I think people should say to their physicians for example, if I need a blood test, please send me to a lab that's in-network so I don't incur out-of-network charges. Or if you tell me I need my elbow X-rayed, you should know physicians, which X-ray facility does that at the cheapest price. Because as we've seen in multiple papers now, one facility and another three blocks apart can be 100 percent different in price ... my challenge to physicians is to say, you're not going to send patients to the one that charges $1000. You can say to them sorry, my business isn't going to you anymore."

On the belief that the free market is best for health care

"To have a free market, you need prices — price transparency — so people can make choices. You need the ability to actually choose where you go.

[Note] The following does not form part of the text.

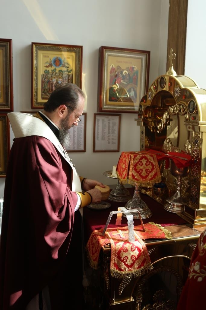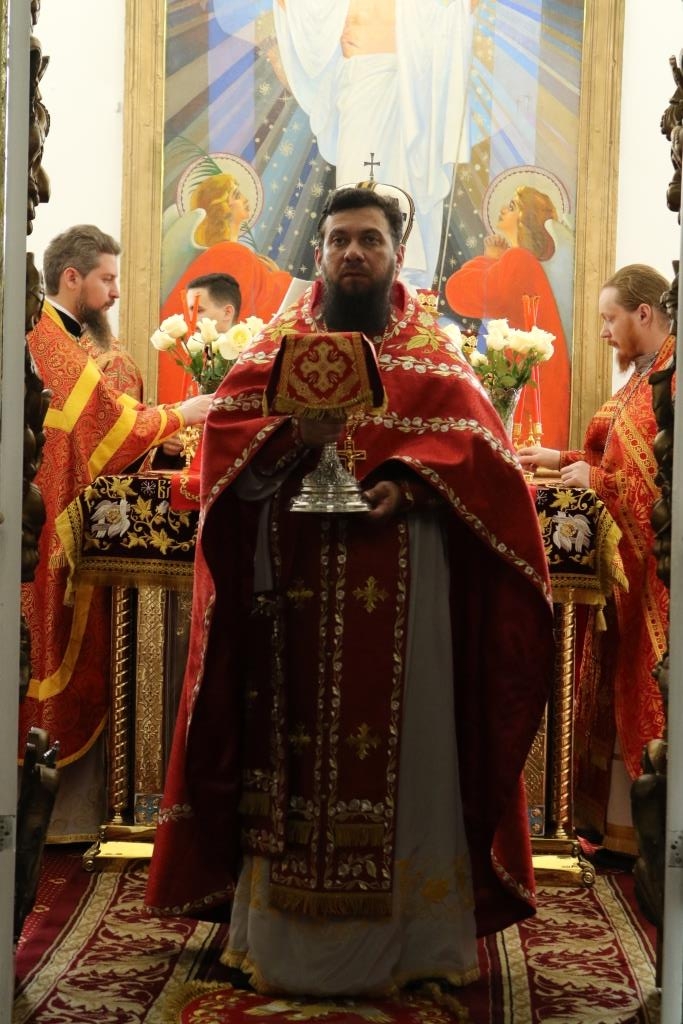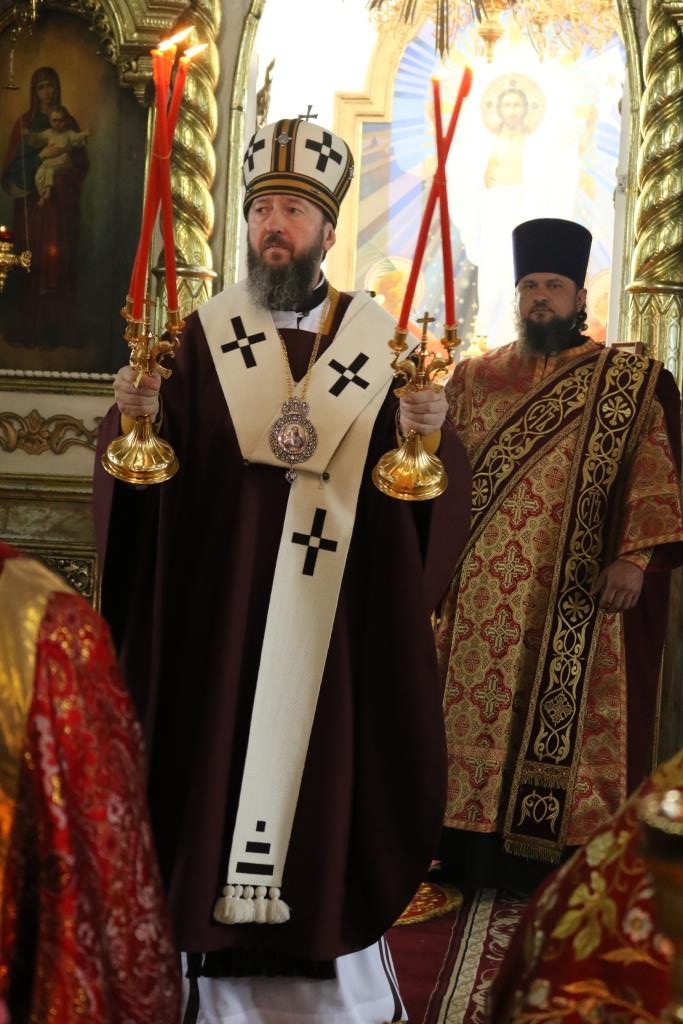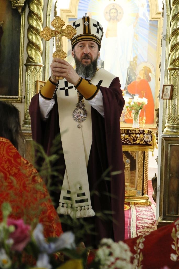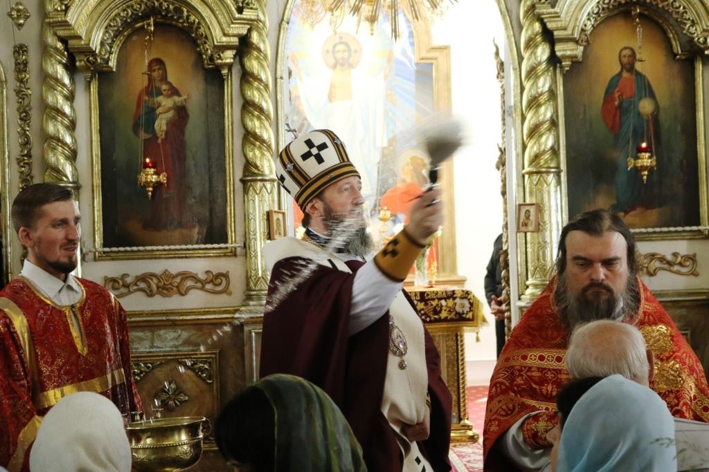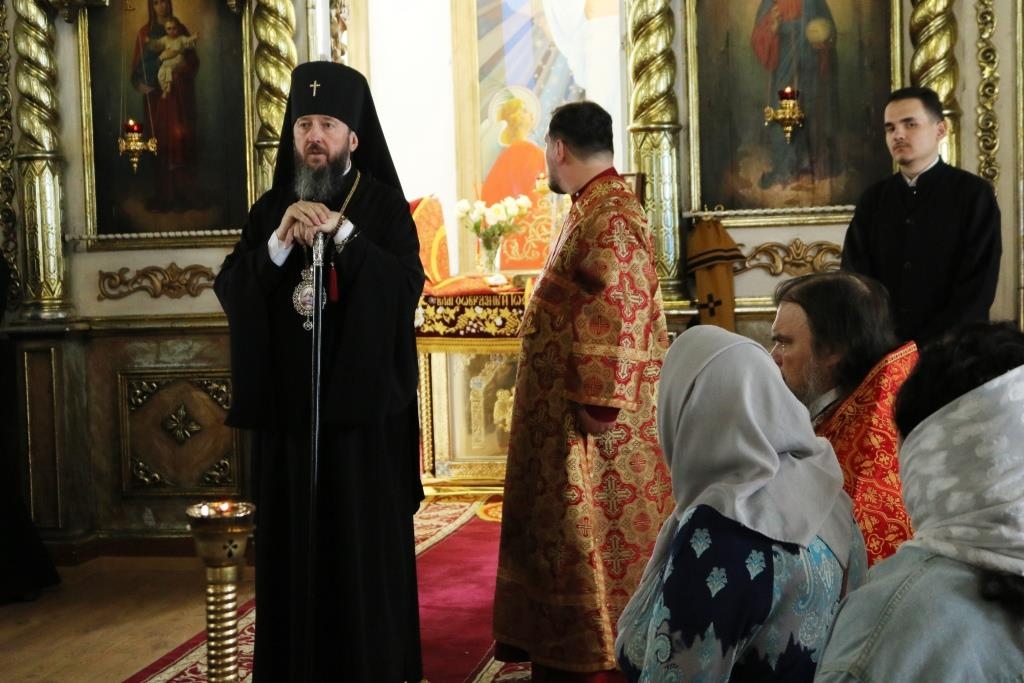Перед причастием мирян проповедовал иерей Вячеслав Гутов. После заамвонной молитвы было совершено славление Христу Спасителю. В завершение Архипастырского богослужения владыка Амфилохий поздравил духовенство и молящихся с праздником Пасхи Господней и обратился к богомольцам со словами поучения.
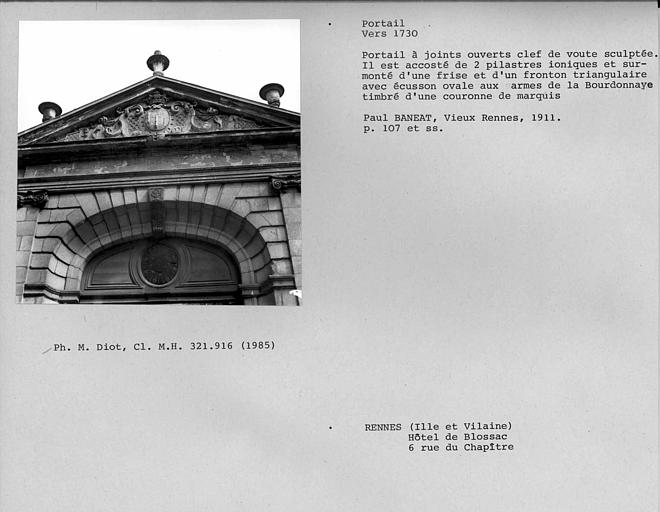 Edifice construit en 1730 et 1750 par le comte de la Bourdonnaye-Blossac, en englobant l'ancien hôtel de Brie datant du 17e siècle. Dès son édification, le bâtiment fut loué par la communauté de ville pour servir d'habitation au commandant en chef de la province de Bretagne, de 1732 à 1789. Pendant l'époque révolutionnaire, l'hôtel est le théâtre de manifestations populaires. Après la Révolution, l'hôtel fut loué à divers particuliers. L'écrivain Paul Féval y naquit en 1816. L'hôtel est l'une des oeuvres les plus représentatives de l'architecture du 18e siècle à Rennes.

You need information ... So [health care now is] not a good market.

I mean if we look what a market looks like: Say you want to buy a Prius. You can go to five different Prius dealers and find out what it's going to cost and it won't cost a hundred times as much to buy a Prius in New Mexico as it does in New Jersey. So this is not a functional market. And I don't know that a functional market will ever solve this, because health care isn't a choice in many cases. For a functional market, I need to be able to go into the grocery store and say, blueberries are really expensive, I'm not going to buy them right now."

On if a single-payer solution would work in America

"Our decision is, is it in line with our cultural values? And everyone says, 'Oh no, we couldn't do a single-payer here.' I would say it doesn't line up perfectly, but our current health system is such a mess and people are so frustrated that in fact, a lot of physicians now are in favor of single-payer. So that's the crucial switch that usually flips when a country moves in that direction."

This article was originally published on April 12, 2017.

This segment aired on April 12, 2017.